_Problem statement:_
Return the data exactly, apart from leaving out the pictures.

(Records from a collection)
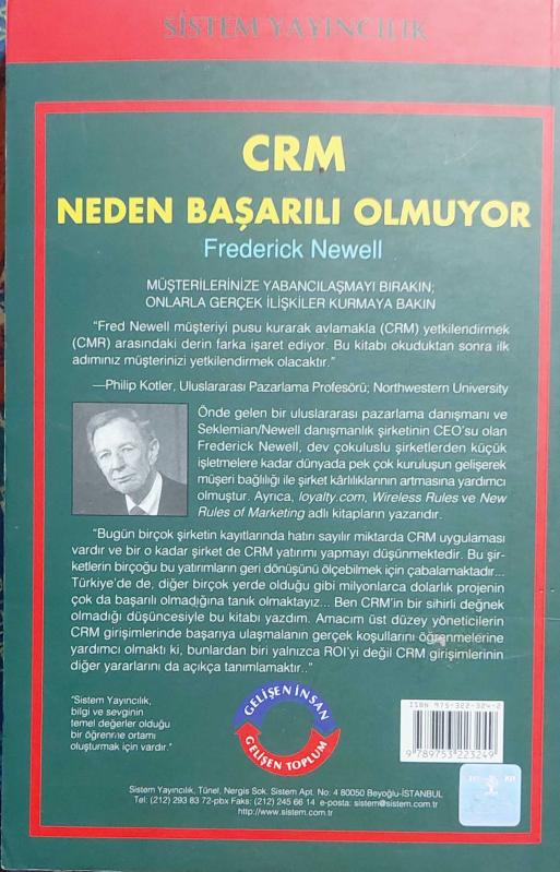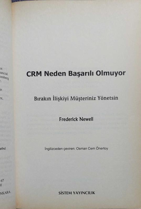 CRM NEDEN BAŞARILI OLMUYOR - BIRAKIN İLİŞKİYİ MÜŞTERİNİZ YÖNETSİN, FREDERİCK NEWELL tarafından kaleme alınmıştır. Kitap 2004 yılında SİSTEM YAYINCILIK tarafından [İSTANBUL] yayınlanmıştır. Satışta olan kitap, yayınevinin 1. baskısıdır. Bu baskının çevirisi OSMAN CEM ÖNERTOY tarafından yapılmıştır. 268 sayfadır. CRM NEDEN BAŞARILI OLMUYOR - BIRAKIN İLİŞKİYİ MÜŞTERİNİZ YÖNETSİN adlı eser Türkçe dilindedir.
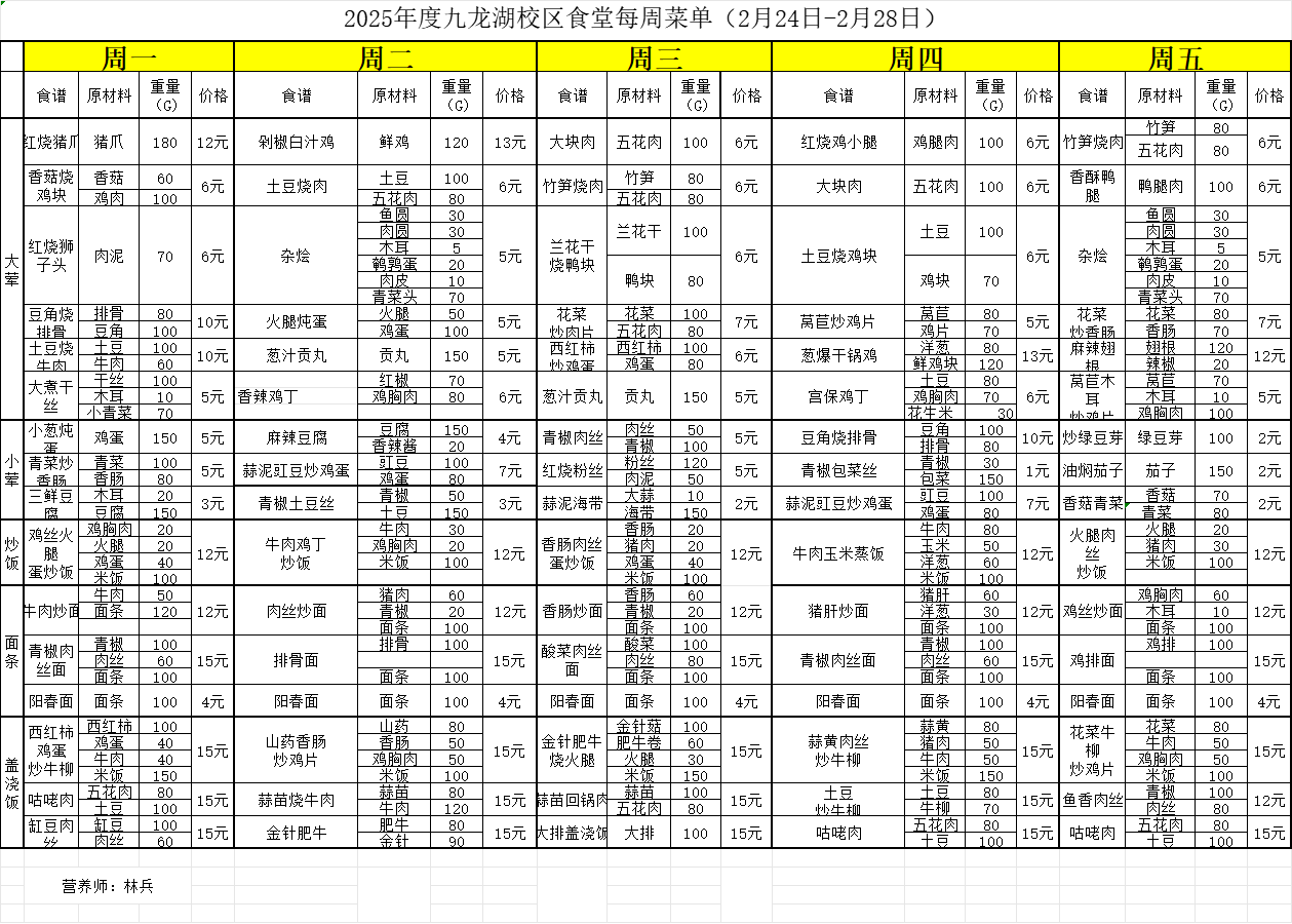 九龙湖校区2024——2025学年下学期第2周学生菜谱
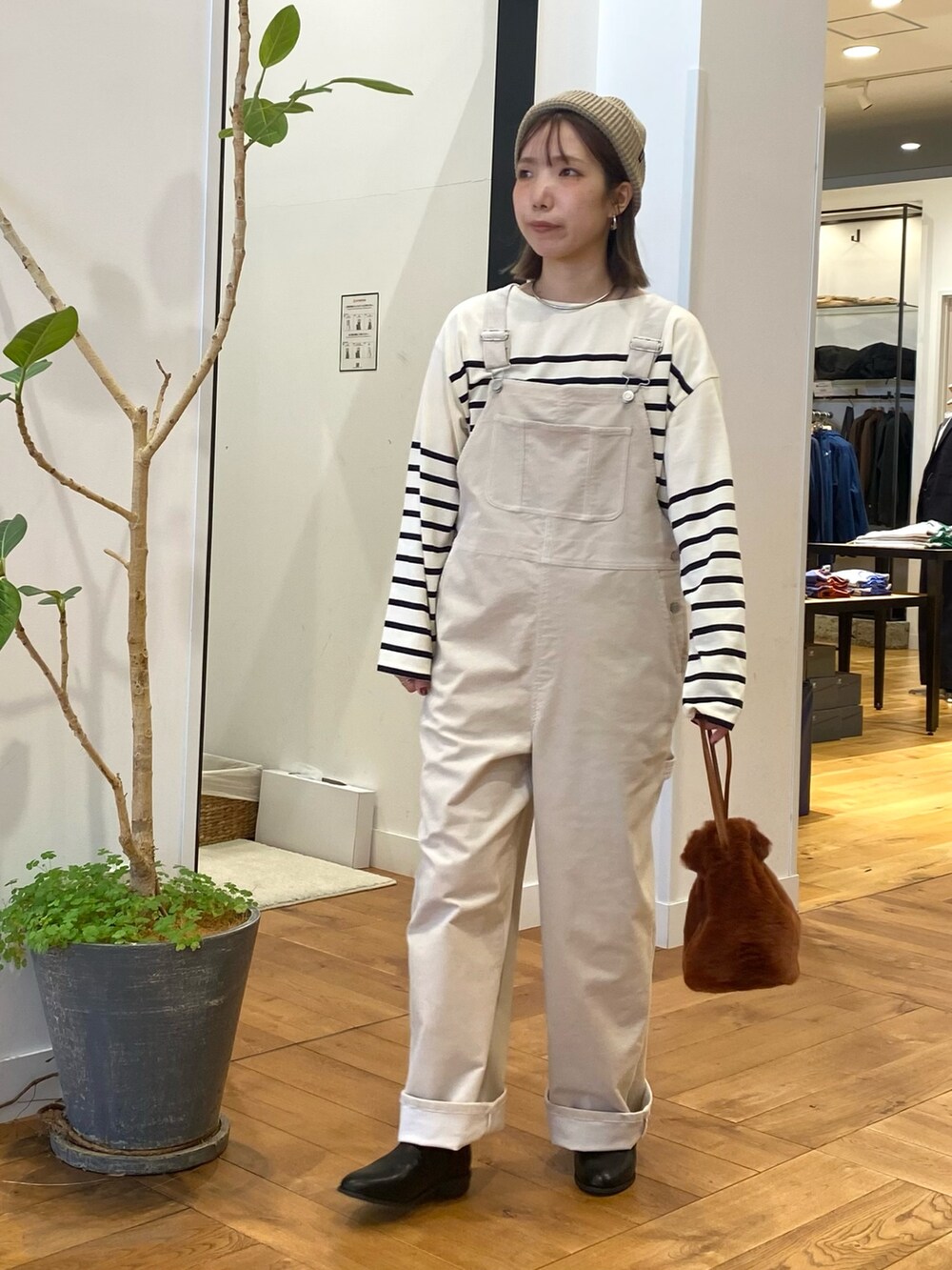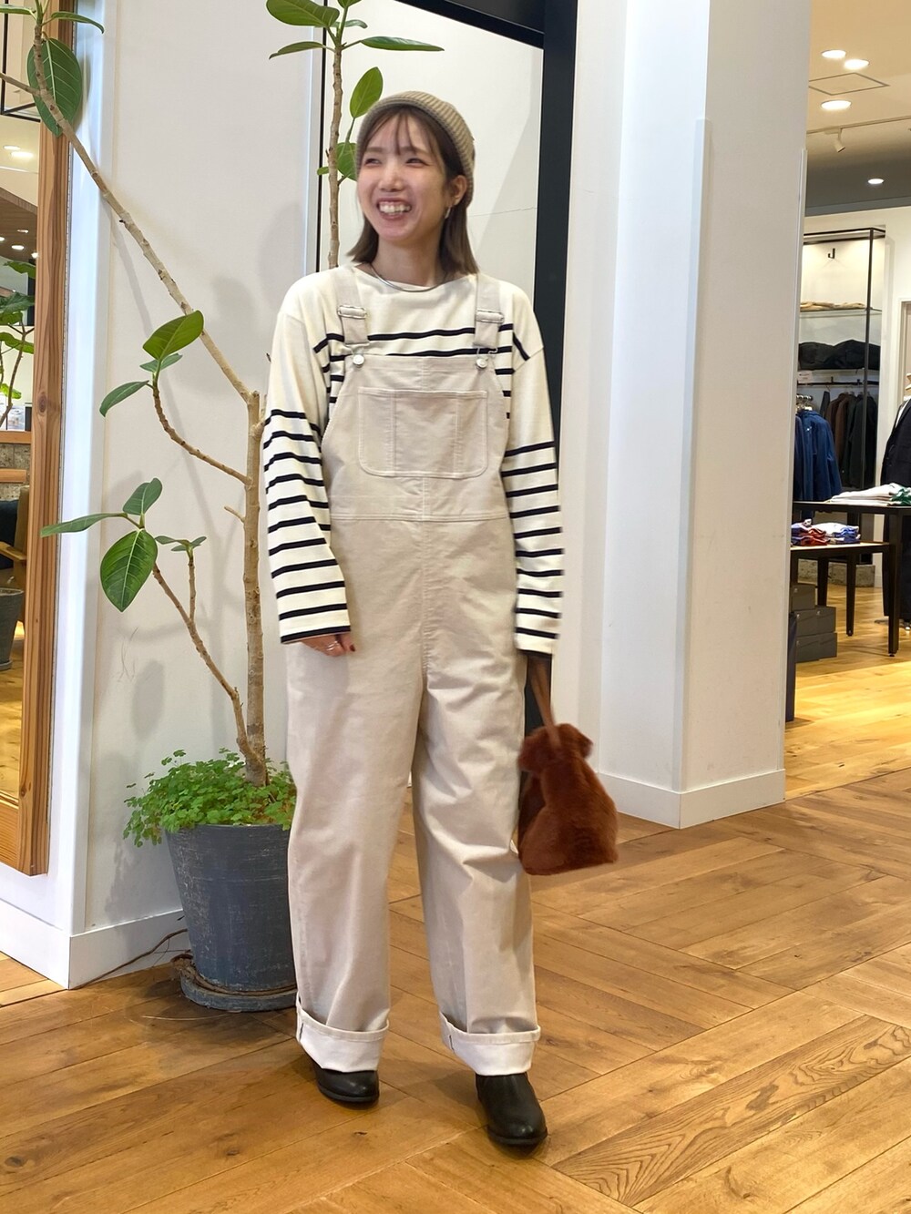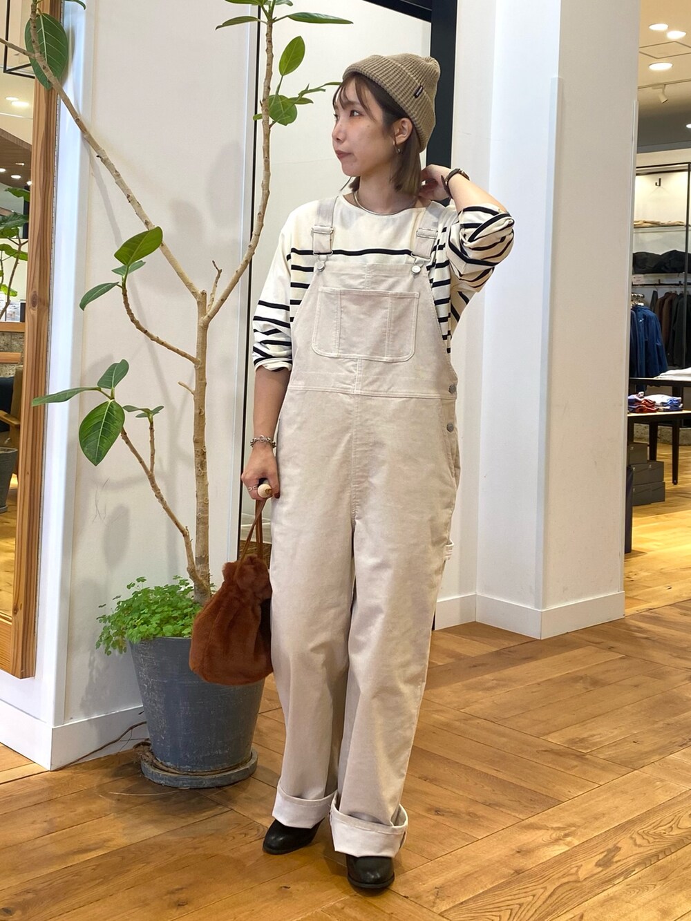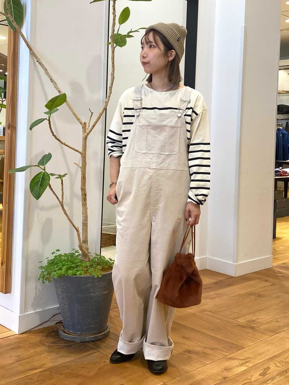 コーデュロイのサロペット、アイボリーを合わせてナチュラルなスタイリングにしました。
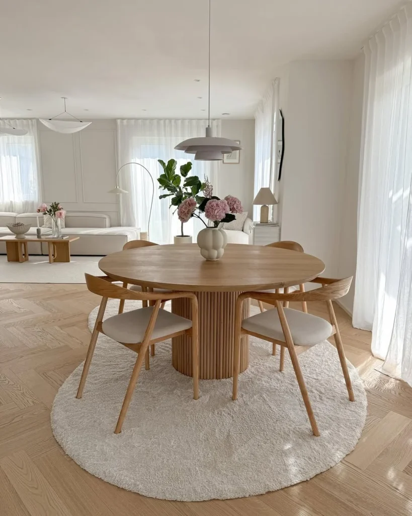 A calm and airy look fills this modern round dining setup, showing how soft neutrals can shape a peaceful space. Light wood tones on the table and chairs bring warmth without weighing down the room. A ribbed pedestal base adds quiet texture, giving the table a sculptural feel that stands out gently. The plush circular rug beneath anchors the setting and adds a cozy touch underfoot.
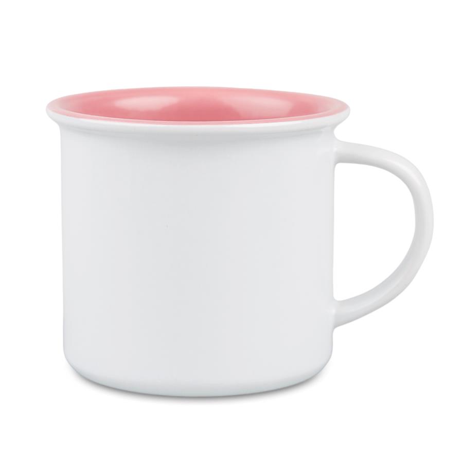 Kubek vintage z różowym wnętrzem przypomina do złudzenia kubek metalowy.
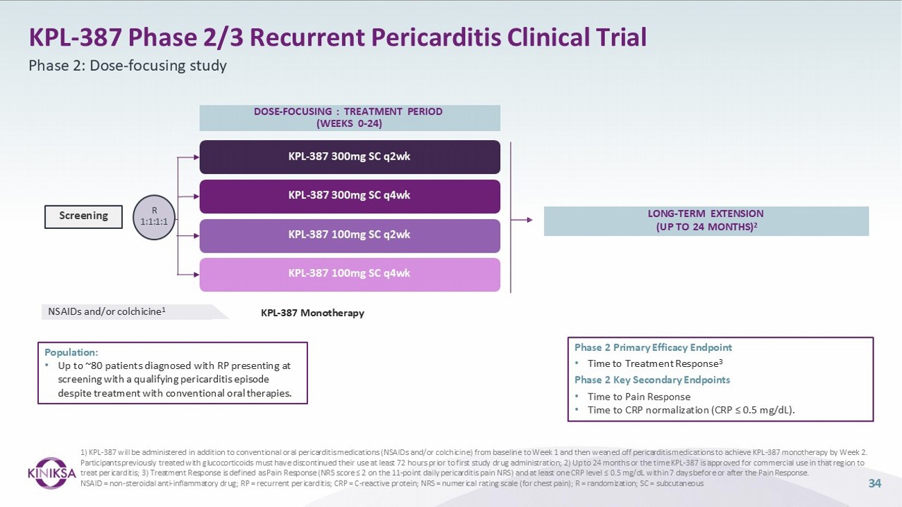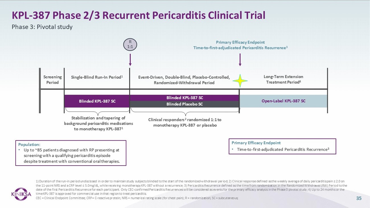 KPL - 387 Phase 2/3 Recurrent Pericarditis Clinical Trial Phase 2: Dose - focusing study 1) KPL - 387 will be administered in addition to conventional oral pericarditis medications (NSAIDs and/or colchicine) from baseline to Week 1 and then weaned off pericarditis medications to achieve KPL - 387 monotherapy by Week 2. Participants previously treated with glucocorticoids must have discontinued their use at least 72 hours prior to first study drug administration; 2) Up to 24 months or the time KPL - 387 is approved for commercial use in that region to treat pericarditis; 3) Treatment Response is defined as Pain Response (NRS score ≤ 2 on the 11 - point daily pericarditis pain NRS) and at least one CRP level ≤ 0.5 mg/dL within 7 days before or after the Pain Response. NSAID = non - steroidal anti - inflammatory drug; RP = recurrent pericarditis; CRP = C - reactive protein; NRS = numerical rating scale (for chest pain); R = randomization; SC = subcutaneous KPL - 387 300mg SC q2wk KPL - 387 300mg SC q4wk KPL - 387 100mg SC q2wk KPL - 387 100mg SC q4wk KPL - 387 Monotherapy NSAIDs and/or colchicine 1 DOSE - FOCUSING : TREATMENT PERIOD (WEEKS 0 - 24) LONG - TERM EXTENSION (UP TO 24 MONTHS) 2 R 1:1:1:1 Screening Phase 2 Primary Efficacy Endpoint • Time to Treatment Response 3 Phase 2 Key Secondary Endpoints • Time to Pain Response • Time to CRP normalization (CRP ≤ 0.5 mg/dL). Population: • Up to ~80 patients diagnosed with RP presenting at screening with a qualifying pericarditis episode despite treatment with conventional oral therapies. 34
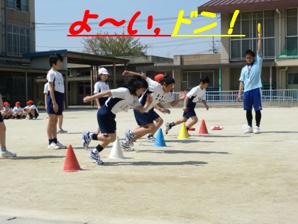 今日の昼からの運動場は,6年生の50m走でした。2回ずつ走って,そのタイムを記録します。もう運動会に向けて走り出しています。
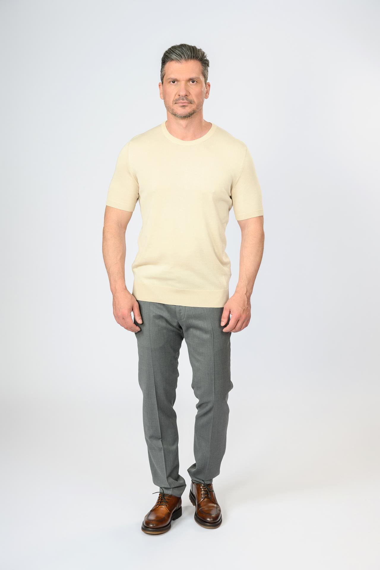 Джемпер сочетается с брюками, джинсами, шортами. Подходит для любого времени года и любого случая.

_Written answer:_
 CRM NEDEN BAŞARILI OLMUYOR - BIRAKIN İLİŞKİYİ MÜŞTERİNİZ YÖNETSİN, FREDERİCK NEWELL tarafından kaleme alınmıştır. Kitap 2004 yılında SİSTEM YAYINCILIK tarafından [İSTANBUL] yayınlanmıştır. Satışta olan kitap, yayınevinin 1. baskısıdır. Bu baskının çevirisi OSMAN CEM ÖNERTOY tarafından yapılmıştır. 268 sayfadır. CRM NEDEN BAŞARILI OLMUYOR - BIRAKIN İLİŞKİYİ MÜŞTERİNİZ YÖNETSİN adlı eser Türkçe dilindedir.
 九龙湖校区2024——2025学年下学期第2周学生菜谱
 コーデュロイのサロペット、アイボリーを合わせてナチュラルなスタイリングにしました。
 A calm and airy look fills this modern round dining setup, showing how soft neutrals can shape a peaceful space. Light wood tones on the table and chairs bring warmth without weighing down the room. A ribbed pedestal base adds quiet texture, giving the table a sculptural feel that stands out gently. The plush circular rug beneath anchors the setting and adds a cozy touch underfoot.
 Kubek vintage z różowym wnętrzem przypomina do złudzenia kubek metalowy.
 KPL - 387 Phase 2/3 Recurrent Pericarditis Clinical Trial Phase 2: Dose - focusing study 1) KPL - 387 will be administered in addition to conventional oral pericarditis medications (NSAIDs and/or colchicine) from baseline to Week 1 and then weaned off pericarditis medications to achieve KPL - 387 monotherapy by Week 2. Participants previously treated with glucocorticoids must have discontinued their use at least 72 hours prior to first study drug administration; 2) Up to 24 months or the time KPL - 387 is approved for commercial use in that region to treat pericarditis; 3) Treatment Response is defined as Pain Response (NRS score ≤ 2 on the 11 - point daily pericarditis pain NRS) and at least one CRP level ≤ 0.5 mg/dL within 7 days before or after the Pain Response. NSAID = non - steroidal anti - inflammatory drug; RP = recurrent pericarditis; CRP = C - reactive protein; NRS = numerical rating scale (for chest pain); R = randomization; SC = subcutaneous KPL - 387 300mg SC q2wk KPL - 387 300mg SC q4wk KPL - 387 100mg SC q2wk KPL - 387 100mg SC q4wk KPL - 387 Monotherapy NSAIDs and/or colchicine 1 DOSE - FOCUSING : TREATMENT PERIOD (WEEKS 0 - 24) LONG - TERM EXTENSION (UP TO 24 MONTHS) 2 R 1:1:1:1 Screening Phase 2 Primary Efficacy Endpoint • Time to Treatment Response 3 Phase 2 Key Secondary Endpoints • Time to Pain Response • Time to CRP normalization (CRP ≤ 0.5 mg/dL). Population: • Up to ~80 patients diagnosed with RP presenting at screening with a qualifying pericarditis episode despite treatment with conventional oral therapies. 34
 今日の昼からの運動場は,6年生の50m走でした。2回ずつ走って,そのタイムを記録します。もう運動会に向けて走り出しています。
 Джемпер сочетается с брюками, джинсами, шортами. Подходит для любого времени года и любого случая.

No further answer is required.